To compare apples, a 1976 protest against a military ruler's return ended with fewer than 50 killings.
But let's put aside those dizzying figures for a moment. These analysts, the husband-and-wife team Chris Baker and Pasuk Phongpaichit, are making the case that, more than ever, Thailand is now locked into a chapter of "mutual recrimination" that seriously jeopardizes its future.
From the op-ed:
"This terrible week will further harden the already brittle divisions in Thai society. On one side, the anti-government red shirts have a new pantheon of martyrs, a thousand stories about the government and army as brutal killers, and a million reasons for resentment and revenge.

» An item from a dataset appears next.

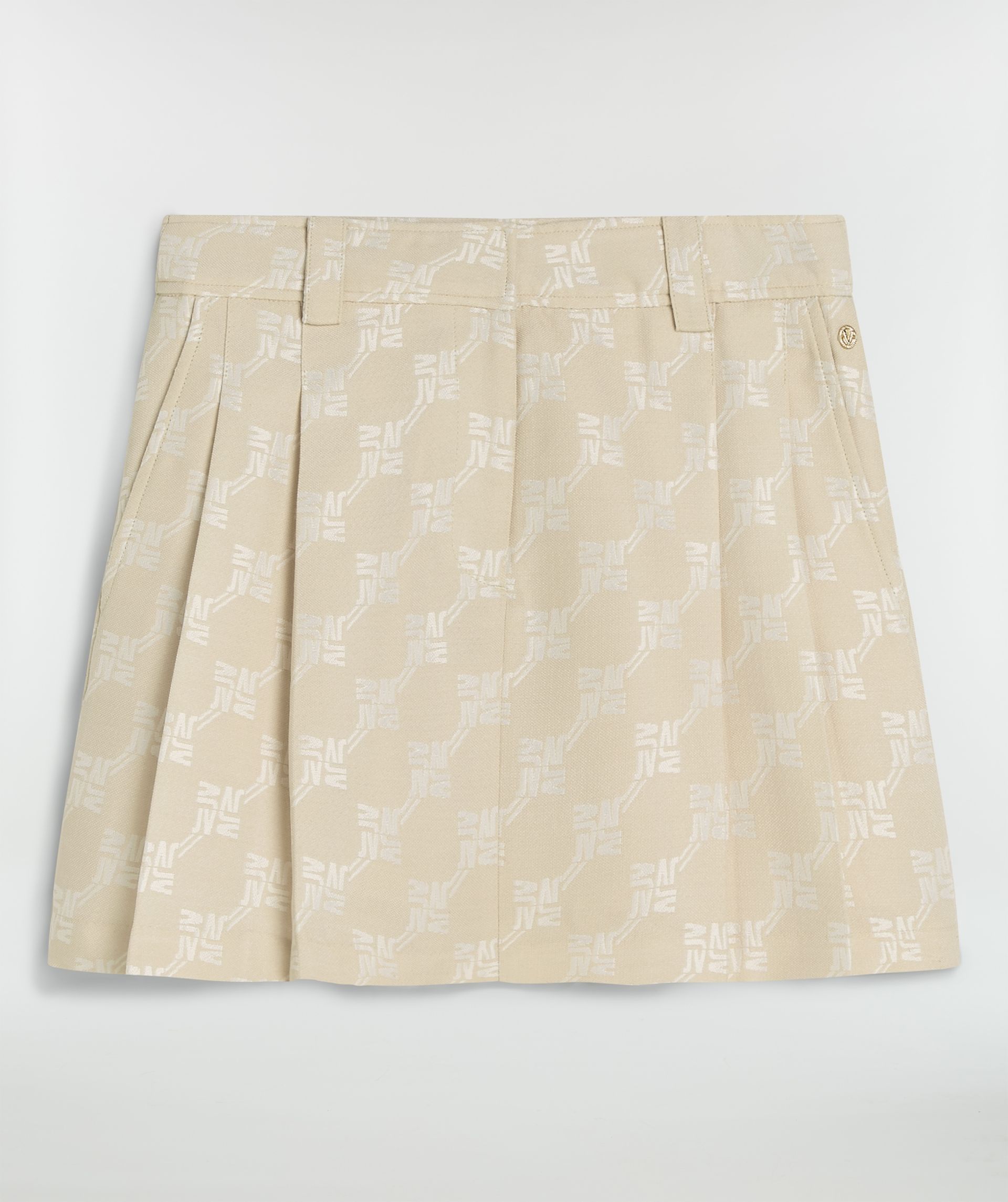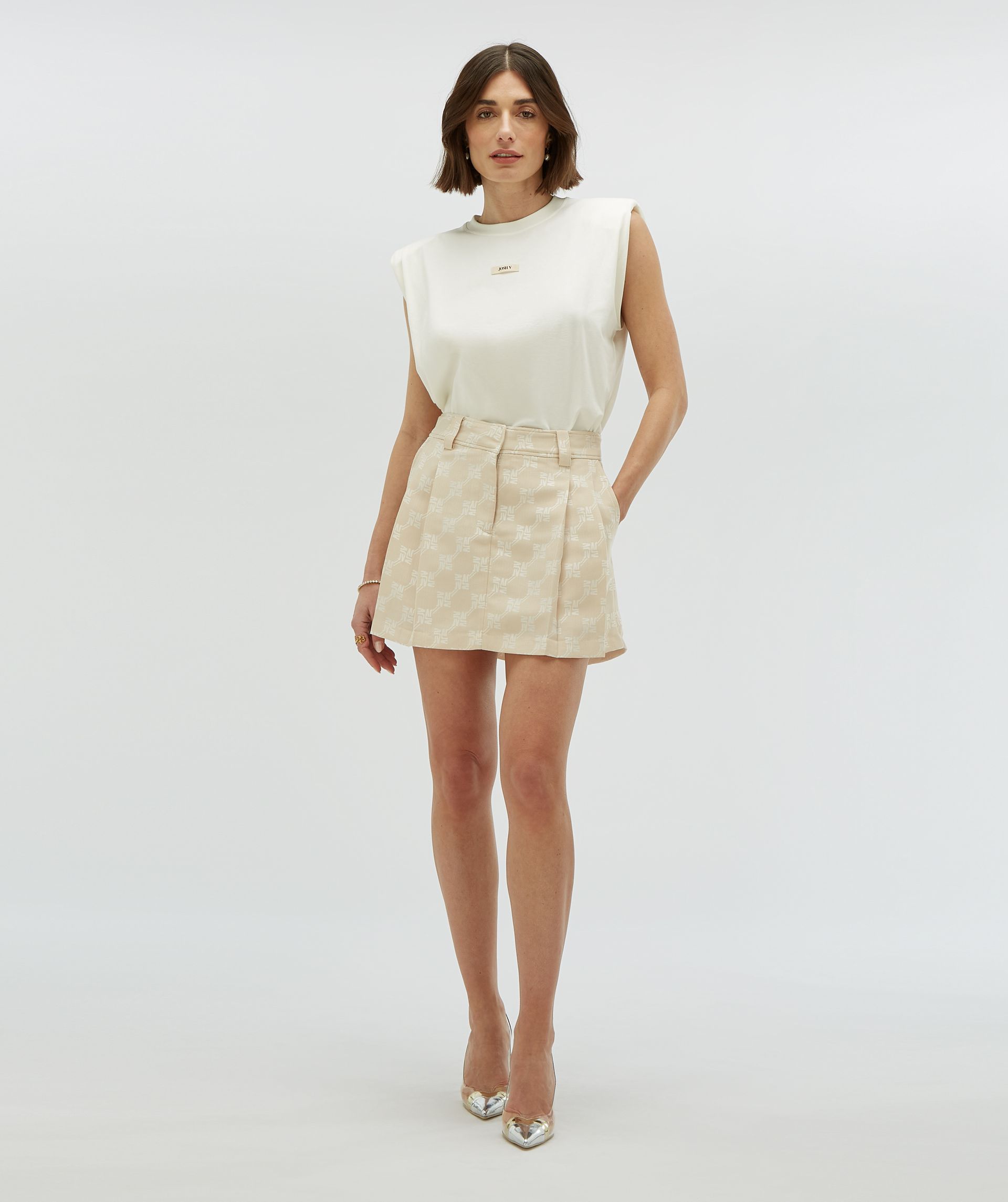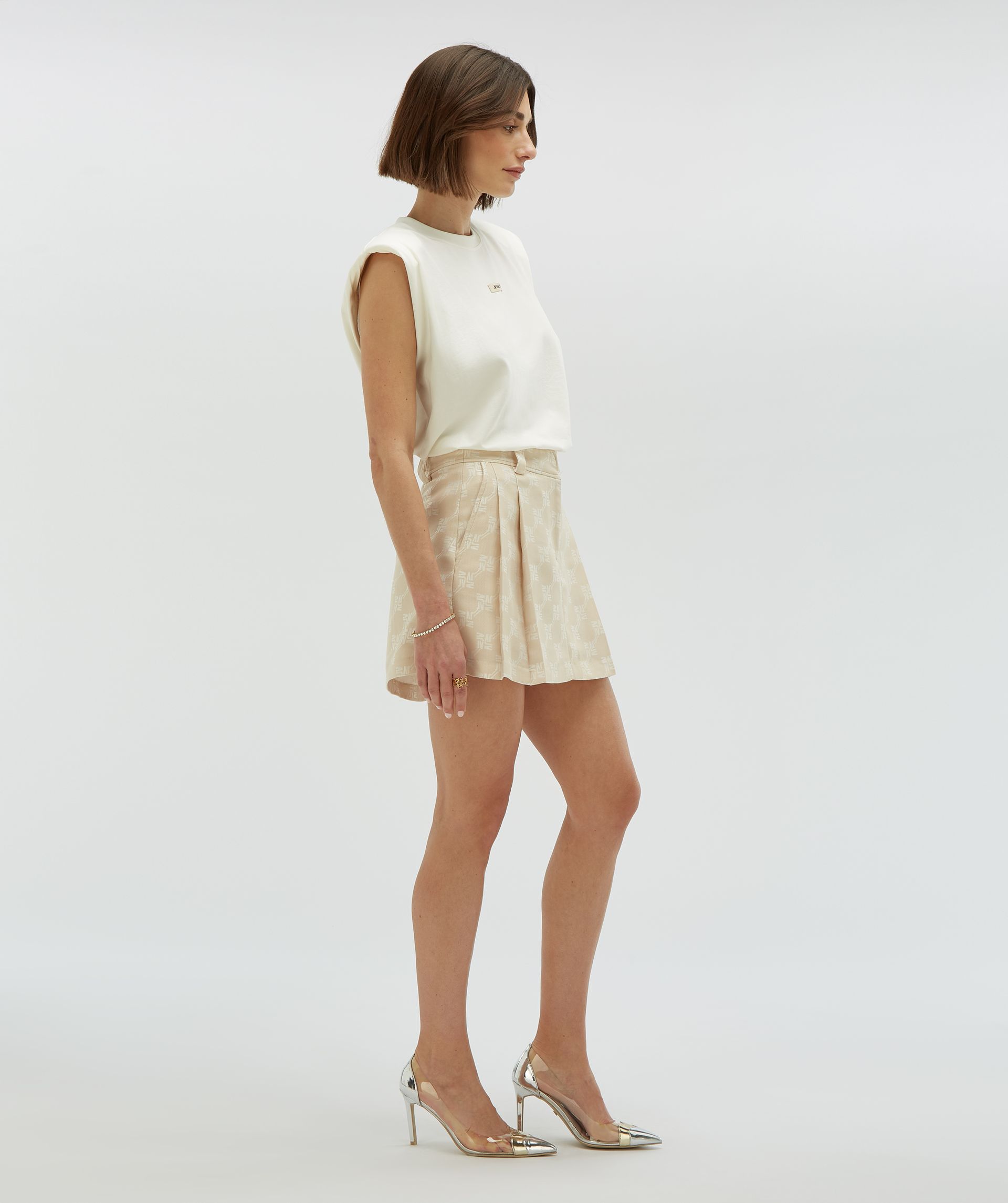 A saia feminina JOSH V Nena em Ecru é feita de poliéster reciclado com um padrão de logotipo de tecido jacquard. Uma característica única é o detalhe da fivela na parte de trás, permitindo que você ajuste a cintura. Além disso, a saia inclui shorts embutidos para maior conforto. Este mini skort com logotipo é perfeito para várias ocasiões. Combine-o com o blazer JOSH V Danea combinando para um conjunto de correspondência de destaque, ou estilize-o com um top e sandálias para um visual casual de verão.

"On the other, the government and its supporters can point to the fire and looting as proof that the red shirts were just savages all along, and don't deserve to be taken seriously or accorded any mercy. These two refrains are already gaining currency, confirming prejudices and fanning hatred."
And in 2010, resentment is best fanned by -- you guessed it -- YouTube. Already, we have this mash-up of violence-inciting speeches and flaming buildings set to epic opera singing. The message, as the WSJ op-ed puts succinctly, is that "the red shirts were just savages all along."
What will the protest movement's sympathizers take from this video? That some Thai elitist thought this bloody conflict's saddest scenes, worthy of a weepy violin track, was the torching of a really awesome shopping mall. (As for Red Shirt propaganda, there's plenty of that too. Protesters often hand out Faces of Death-worthy DVDs of army crackdowns at rallies.)
Appeals to "step back from the brink" are often cliche, but Baker and Pasuk are offering both sides specific steps towards reconciliation.
The Thai premier, Abhisit Vejjajiva, needs to offer the nation fresh elections, which is one of the protest movement's core demands. And the figurehead and likely financier of the Red Shirts movement, deposed ex-Prime Minister Thaksin Shinawatra, needs to end his self-imposed exile and serve out his two-year prison term for fraud.
These sacrifices, they claim, would do much to set Thailand on the healing path. But for now, much of the nation remains under nighttime curfew. And many Thais, their lives ground to a stop by the current crisis, are left with even more downtime to contemplate the mess both sides have helped create.